Hey guys! I’m back with another Wellness Wednesday and today’s topic is healthy relationships!
What makes a healthy relationship exactly? And what kinds of relationships are we talking about exactly?
Well, I’m actually talking about ALL relationships is your life: family, friends, romantic, platonic, work related, etc.
Love is patient; love is kind.
Let’s start with what makes a relationship UN-healthy:
- You do all the planning, calling, etc and they do little to none of it.
- When it’s time to pay for something they never help (forgot their money again, oops!).
- They like to be negative all the time and only complain about their life to you.
- They never let you talk about your life or ask you questions.
- They borrow things and never return them (even though you’ve asked multiple times).
- They always want to borrow money, but don’t ever pay it back (even though they promise they will).
- You catch them in lies or half-truths all the time (or very often).
- After visiting or spending time with them you always feel worse than before they arrived.
- You hesitate to take their calls/return their messages, because they are always calling and never say why they called.
- Sometimes they are super nice and then the next time you see them they are very rude/mean/negative.
- They constantly say mean things about you behind your back and/or to your face.
- They seem to enjoy making you feel bad about yourself.

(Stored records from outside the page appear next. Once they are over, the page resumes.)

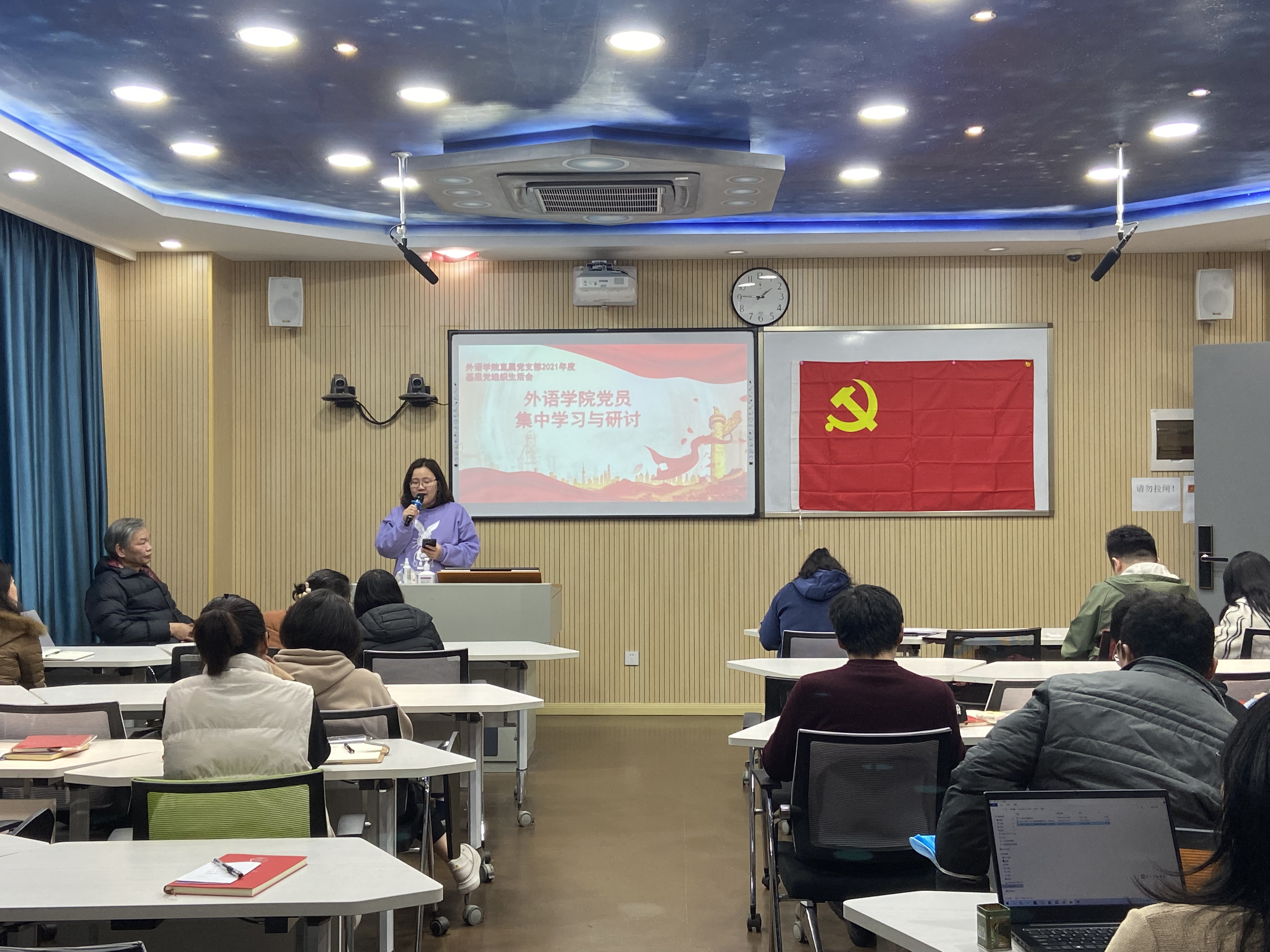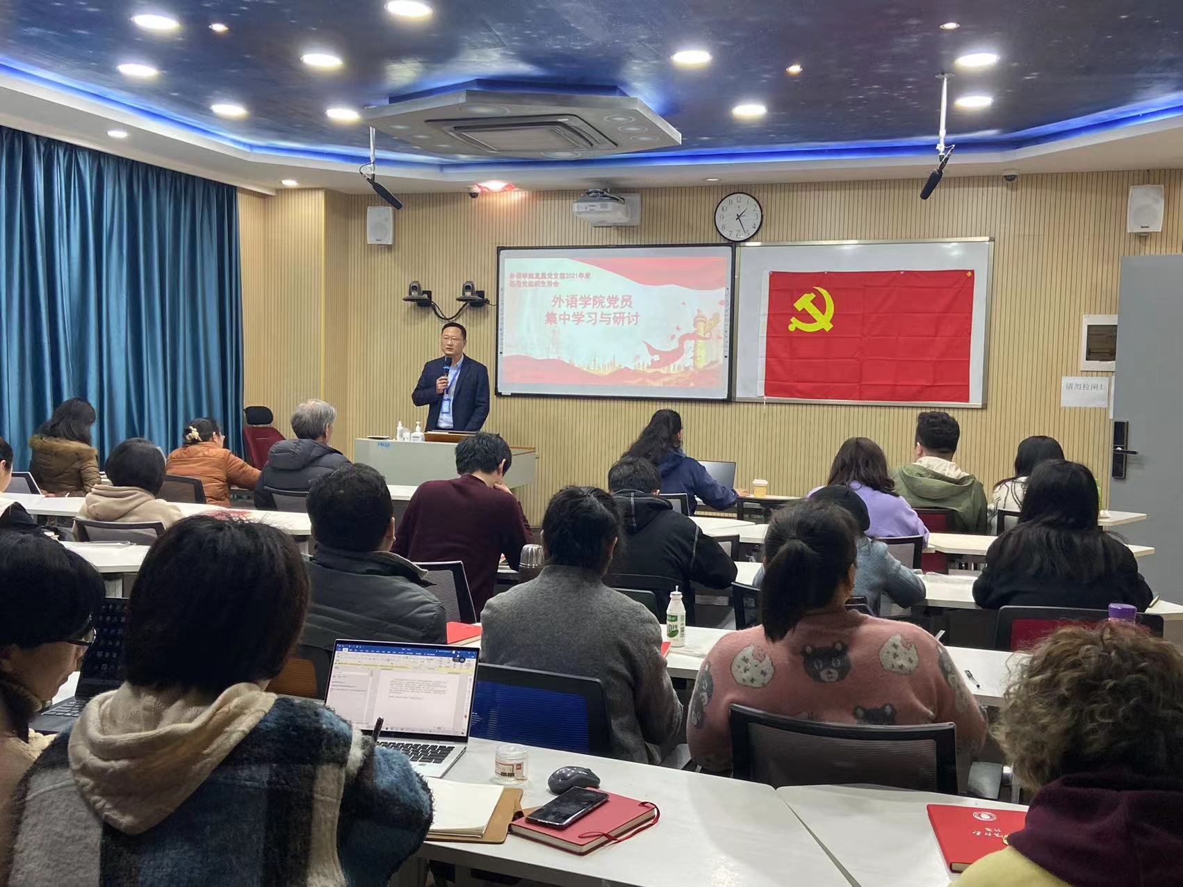 为开好2021年度基层党组织生活会,完成民主评议党员工作,凝心聚力,打牢思想之基,3月4日,外语学院直属党支部全体党员齐聚A110会议室,认真开展3月主题党日活动暨2021年度专题组织生活会集中学习交流。校党委张涛副书记参加了此次学习活动。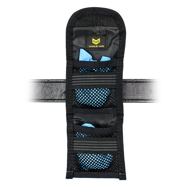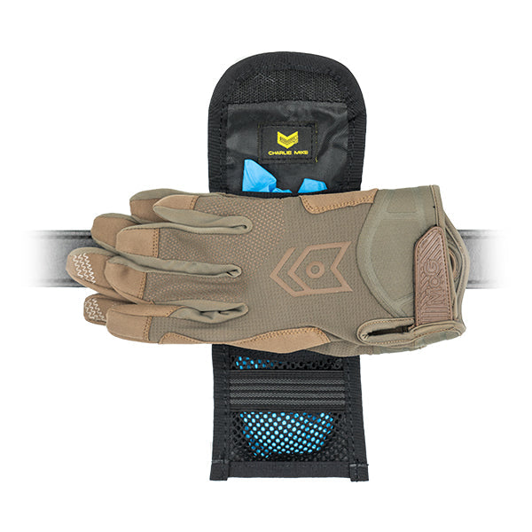 Die TACTICAL GLOVE POUCH von CHARLIE MIKE fasst Nitril- und Schutzhandschuhe gleichzeitig. In den beiden eingearbeiteten Mesh-Täschchen können je ein paar Nitril-Handschuhe verstaut werden und dank den beiden Rubber-Einsätzen besteht auch keine Gefahr, dass die Einsatzhandschuhe seitlich herausrutschen.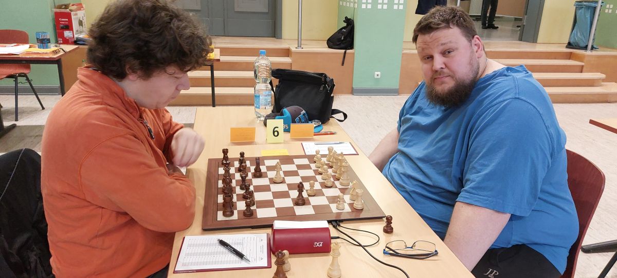 Sören Brüchner (Schwarz) gegen Sascha Schillig (Weiß)Die Erfahrungen belegen, wenn der Turnierstart gelungen ist, ist der weitere Verlauf problemfrei. Dies kann man auch für die LEM 2025 erwarten. Alle Teilnehmer sind sehr diszipliniert. Schachsportlich wird um jeden Punkt gerungen. Die Remisquote ist generell sehr niedrig und auch Kurzzeitremis gibt es kaum. Lediglich die Partie der beiden Stendaler Sascha Schillig gegen Sören Brüchner endete nach nur 4 Zügen.
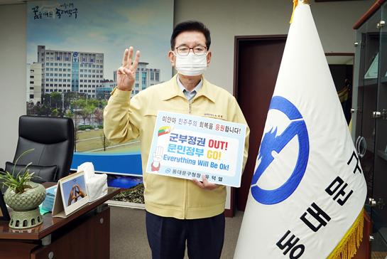 유 구청장은 ‘군부정권 OUT’, ‘문민정부 GO’, ‘Everything Will Be Ok!’(모든 게 다 잘될거야!) 문구와 세 손가락 경례로 응원 메시지를 전하며, “미얀마 군부의 폭압에 맞서 민주주의를 위해 투쟁하는 미얀마 국민을 지지하며, 하루빨리 민주주의의 승리를 통해 미얀마에 평화로운 봄날이 찾아오기를 진심으로 바란다”고 말했다.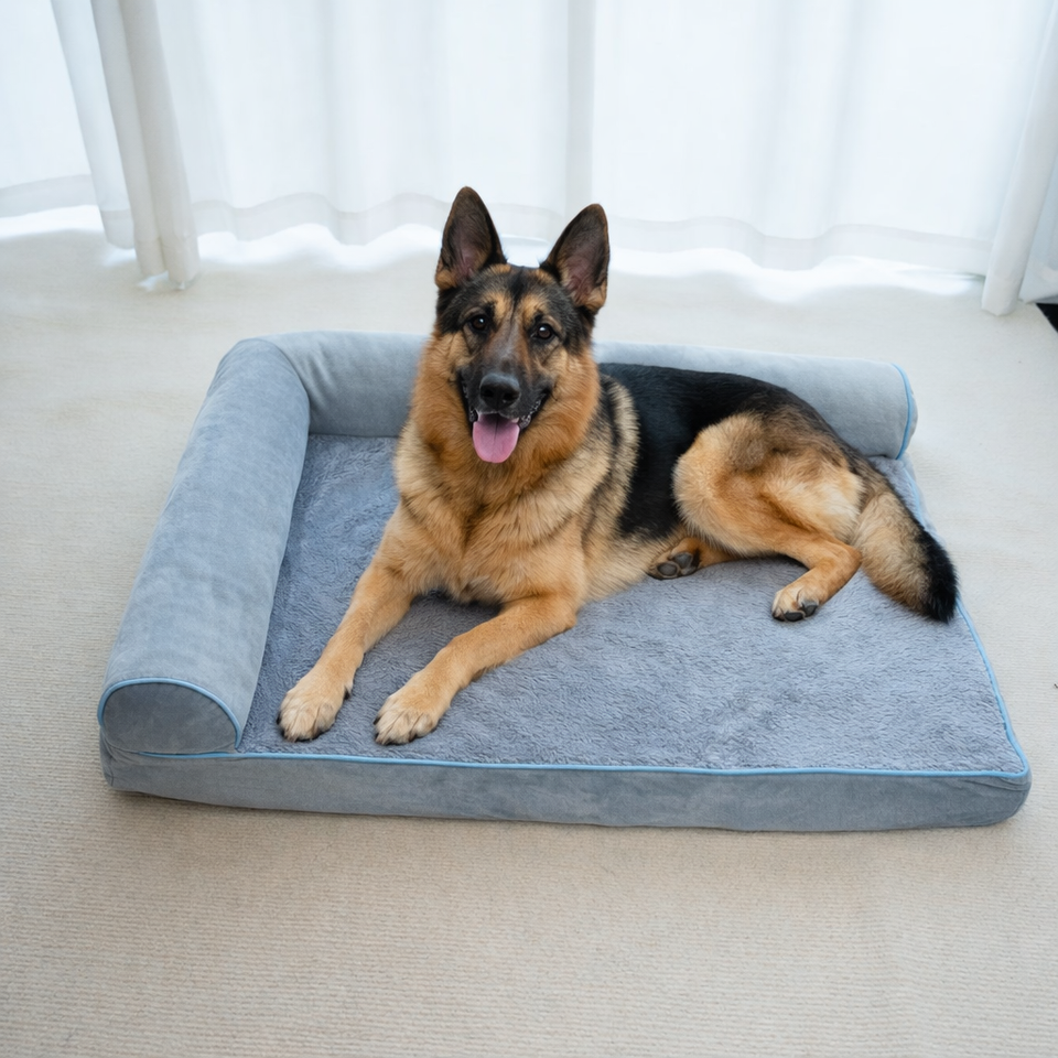 Lit pour chien orthopédique en mousse à mémoire de forme, lavable, imperméable, canapé de luxe pour animaux de compagnie avec housse amovible, fausse fourrure douce et fond antidérapant

- They like to cause drama in your life.
- You end up being their therapist every time you see them.
The hubby and I goofing around for the camera. ^_^
So what does a positive and healthy relationship look like? Pretty much the opposite of the above:
- They help you however they can and offer to help.
- They’re not perfect, but they make an effort to be there for you when you are having a bad day.
- They listen to you as much as you listen to them.
- They help pay for lunch/movie tickets/gas/etc.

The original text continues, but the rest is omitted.